## Supplied entries
######

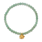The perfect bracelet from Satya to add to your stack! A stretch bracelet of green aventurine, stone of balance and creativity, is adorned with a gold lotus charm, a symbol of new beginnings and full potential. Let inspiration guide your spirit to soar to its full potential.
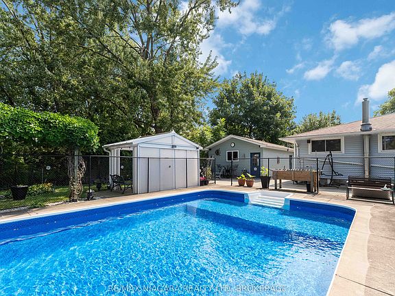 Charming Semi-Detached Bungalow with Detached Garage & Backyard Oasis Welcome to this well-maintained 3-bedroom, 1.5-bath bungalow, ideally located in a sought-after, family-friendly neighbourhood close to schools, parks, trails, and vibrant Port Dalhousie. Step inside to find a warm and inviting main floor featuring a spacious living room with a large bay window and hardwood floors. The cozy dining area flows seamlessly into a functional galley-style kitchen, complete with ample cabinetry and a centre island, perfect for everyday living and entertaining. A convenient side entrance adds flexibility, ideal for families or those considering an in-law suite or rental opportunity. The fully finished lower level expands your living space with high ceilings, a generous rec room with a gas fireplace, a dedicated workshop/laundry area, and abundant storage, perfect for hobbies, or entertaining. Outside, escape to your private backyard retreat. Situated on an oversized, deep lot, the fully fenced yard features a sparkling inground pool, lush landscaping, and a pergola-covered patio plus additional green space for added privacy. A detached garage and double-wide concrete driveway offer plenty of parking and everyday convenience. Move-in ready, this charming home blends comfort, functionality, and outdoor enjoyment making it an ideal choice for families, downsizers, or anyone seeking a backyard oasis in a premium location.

######

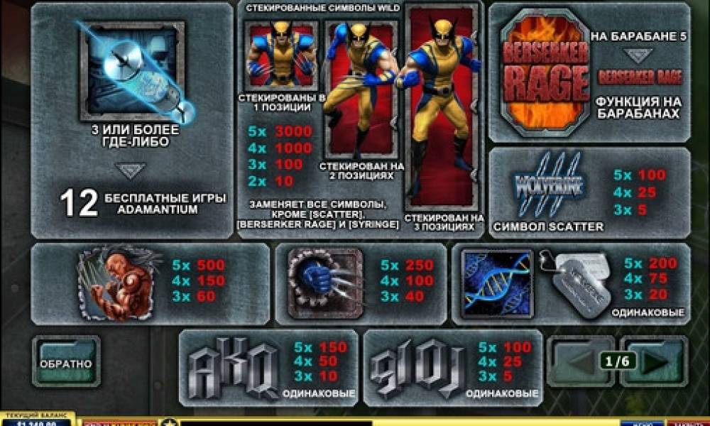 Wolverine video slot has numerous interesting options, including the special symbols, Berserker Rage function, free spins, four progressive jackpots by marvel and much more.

######

Reproduce the data above exactly, but only the lines from the one showing "The perfect bracelet" through the one showing "Charming Semi-Detached Bungalow", with both ends kept and the pictures left out.

## Finished task
The perfect bracelet from Satya to add to your stack! A stretch bracelet of green aventurine, stone of balance and creativity, is adorned with a gold lotus charm, a symbol of new beginnings and full potential. Let inspiration guide your spirit to soar to its full potential.
 Charming Semi-Detached Bungalow with Detached Garage & Backyard Oasis Welcome to this well-maintained 3-bedroom, 1.5-bath bungalow, ideally located in a sought-after, family-friendly neighbourhood close to schools, parks, trails, and vibrant Port Dalhousie. Step inside to find a warm and inviting main floor featuring a spacious living room with a large bay window and hardwood floors. The cozy dining area flows seamlessly into a functional galley-style kitchen, complete with ample cabinetry and a centre island, perfect for everyday living and entertaining. A convenient side entrance adds flexibility, ideal for families or those considering an in-law suite or rental opportunity. The fully finished lower level expands your living space with high ceilings, a generous rec room with a gas fireplace, a dedicated workshop/laundry area, and abundant storage, perfect for hobbies, or entertaining. Outside, escape to your private backyard retreat. Situated on an oversized, deep lot, the fully fenced yard features a sparkling inground pool, lush landscaping, and a pergola-covered patio plus additional green space for added privacy. A detached garage and double-wide concrete driveway offer plenty of parking and everyday convenience. Move-in ready, this charming home blends comfort, functionality, and outdoor enjoyment making it an ideal choice for families, downsizers, or anyone seeking a backyard oasis in a premium location.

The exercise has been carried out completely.